Thursday 20 March 2014

Binary dating, the downfall of society

I've been trying online dating for a couple of weeks now and I've discovered this is what's wrong with society.
I was a pretty reluctant participant to be fair. I'd always assumed online dating was filled with people looking for hook-ups, or those that were damaged. That's not meant as an insult, but a simple statement of fact.
Having lurked for a couple of weeks on various sites, checking to see who uses the site I plumped for Plenty of Fish (PoF). Firstly it's free, so it felt like less of a risk to me. Secondly, there seemed an abundance of Indian women.
I initially discounted the more traditional Shaadi.com for the reason it's quite traditional. It's the site your parents would use had they had access to it when they were looking for a partner.


The first week was a pretty dispiriting. A lot (no clear stats, just perception) of women couldn't be bothered to fill out their self-description. Simply saying "Ask me!"... Ask you what? You may be the One, but you show little commitment to anything.
I threw the dice and messaged as many people as I thought may be interesting. Did a single one bite? They didn't. It was pretty humiliating. Even though no one really knew what I was doing hitting the online scene, I felt devalued as a person.
This is where I discovered the problem with online dating, and what it says about us as a society. Online dating strips away everything that's interesting and exciting about dating in the flesh. As users we are tempted go simply by looks.
Eyes, lips, body, legs. They are all fair game. Indeed PoF has an option where you can cycle through endless display photos accepting or rejecting people just on their appearance alone.
Dating in person, while a nerve shredding experience for a shy person like myself, gave people a level playing field.
Image by Derek Key, Flickr.com
You may just be an average looking guy, or girl, who talks to an attractive person. Now in person you can use your personality to give the object of your desire more to think about. You're funny, you have things in common, you share experiences. That's all gone when you're online.
It's hard to be funny in print for talented writers, but for the average schmo who struggles to touch type? Well forget it bub.
Online dating is the preserve of the attractive or those who just want a quickie, and that's destructive. Look at your parents now, hell, look at anyone you know who is in a committed relationship. Just wonder if one is more attractive than the other, would they have gone out with your dad, your best friend, your sister-in-law?
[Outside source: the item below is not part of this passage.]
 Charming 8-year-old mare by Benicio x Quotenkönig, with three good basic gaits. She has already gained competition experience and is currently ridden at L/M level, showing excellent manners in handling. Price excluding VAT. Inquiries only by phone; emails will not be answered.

If that person only had a photo to go on, and either made the split-second decision to message or not to message, or indeed did they spend minutes dissecting that photo. Why are they wearing last season's range? Who would take a display photo by a radiator? Is that pixelation or do they have a skin problem?
We've lost something when we filter our romantic relationships through the net. Those wonderful people who have that funny little thing about them go missed because their eyebrows are too thick.
Is this all down to me not getting as many responses as I expected? Maybe. I couldn't dismiss that idea. Although I like to think I am being honest whatever happened. I had these feelings before, and this has reinforced that.
I do not doubt the majority of people have positive experiences, and outcomes they wanted, yet should that necessarily be celebrated? Are we dating in a binary monotone way which airbrushes away quirkiness and difference, and replaces that with cookie cutter looks and by the numbers personality?